Point 2: In a study of the NSA it was revealed that the NSA owns land next to every major microwave relay route and down-link inside the US. With the scattering inherent in micro-links, this gives them access to 90+% of all data traffic.
Point 3: The NSA measures its computing power in acres (no joke). They are the leading purchaser of latest generation Crays.
Conclusion: The NSA can and does read our mail, encrypted or not.
Caveat: There is so much data flow, that even with filters that pull out only those messages encluding certain key words, any human operators would still be incapable of reading any realistic proportion of our mail. Just hope that expert systems designed for mail reading aren't developed soon (or haven't been developed).
Books to read:
- The Digital Encryption Standard
- Cipher Systems
- Inside the Puzzle Palace
Just thought I'd bring home some of the cyberpunk aspects of the world we currently live in.
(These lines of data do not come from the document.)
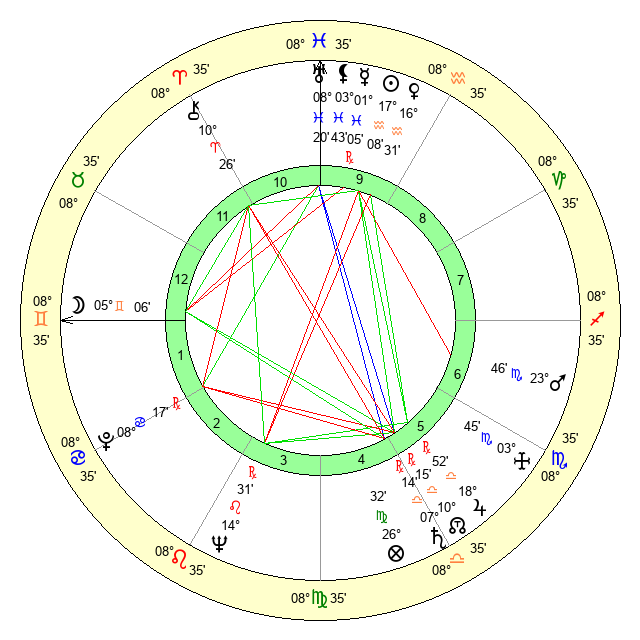 | Moon | 5 Gemini 6 | 6 Gemini 0 | 19 Pisces 57 |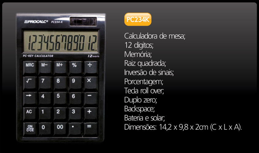 Compartilhar Produtos Relacionados 27/02/2020Calculadora Zeta ZT 712 12 Díg.Leia mais 30/07/2014Calculadora Procalc LP25Leia mais 30/07/2014Calculadora Científica Procalc SC-128Leia mais 30/07/2014Calculadora Truly 808A-10Leia mais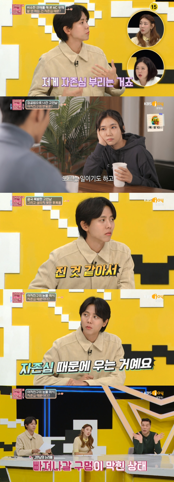 이날 고민남의 여자친구는 화가 나면 말없이 자리를 피했다. MC 한혜진은 "화 자체를 표출하는 방법을 몰라서 그러는 거다. 화를 내서 상대를 잃은 적이 있어서 안으로 삭히는 사람이 많다"고 말했다. MC 주우재는 "자존심이 되게 세다. 지는 거 절대 싫어한다. 싸움이 시작되면 자존심 부리는 거다"라고 말했다.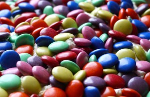 Between 300g and 500g smarties/m’n’ms/pebbles/equivalent. I picked out all the brown and white ones and ate them because I wanted bright colours only.
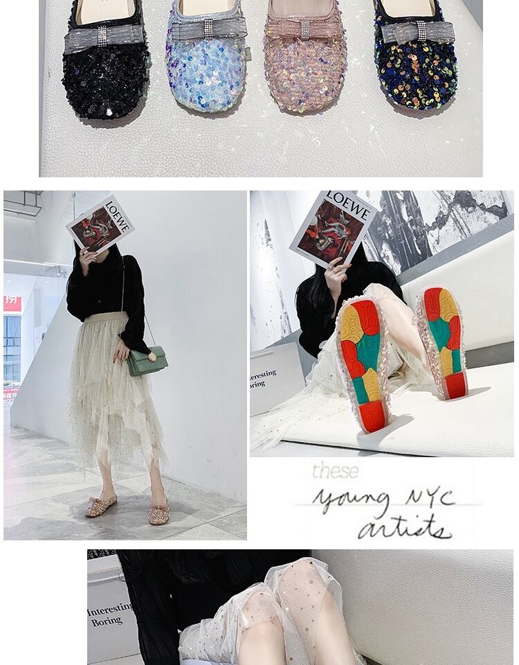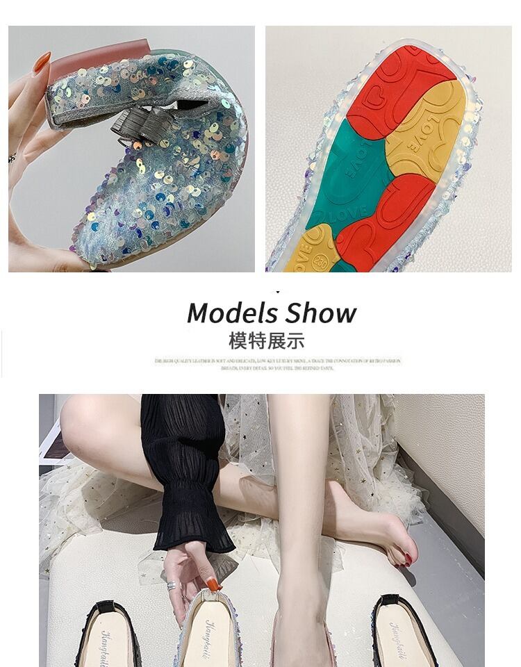 サンダルとスリッパの女性は2020春のファッションネット赤野生のノンスリップフラットボトムスパンコールins潮包頭ハーフドラッグを着用します 部族の婦人靴6685923

Travis J.I. Corcoran Cornell '92/'92 (??) Newsgroups: alt.cyberpunk From: ebrandt@jarthur.claremont.edu (Eli Brandt) Subject: Re: the NSA KNOWS... Organization: Cult of Loud Loud Sibelius Date: Sat, 7 Dec 1991 08:41:46 GMT
In article <164CCD625.M14661@mwvm.mitre.org> M14661@mwvm.mitre.org writes:
>Good points, but does anyone know how the RSA public key algorithm is >holding up? It's slow, but fine for precoding email messages, at least
It seems to be secure as long as you pick big enough primes -- remembering that the NSA has CPU we can only dream of. I strongly suspect that the NSA can crack DES. If they can break RSA with considered-secure primes, it almost certainly takes them much compute, and they would not be expending this kind of effort on *our* messages. I believe PGP, a PC RSA implementation, is still available from garbo.uwasa.fi; US users are kindly requested to refrain from downloading except for research purposes. It uses math owned by PKP, you see.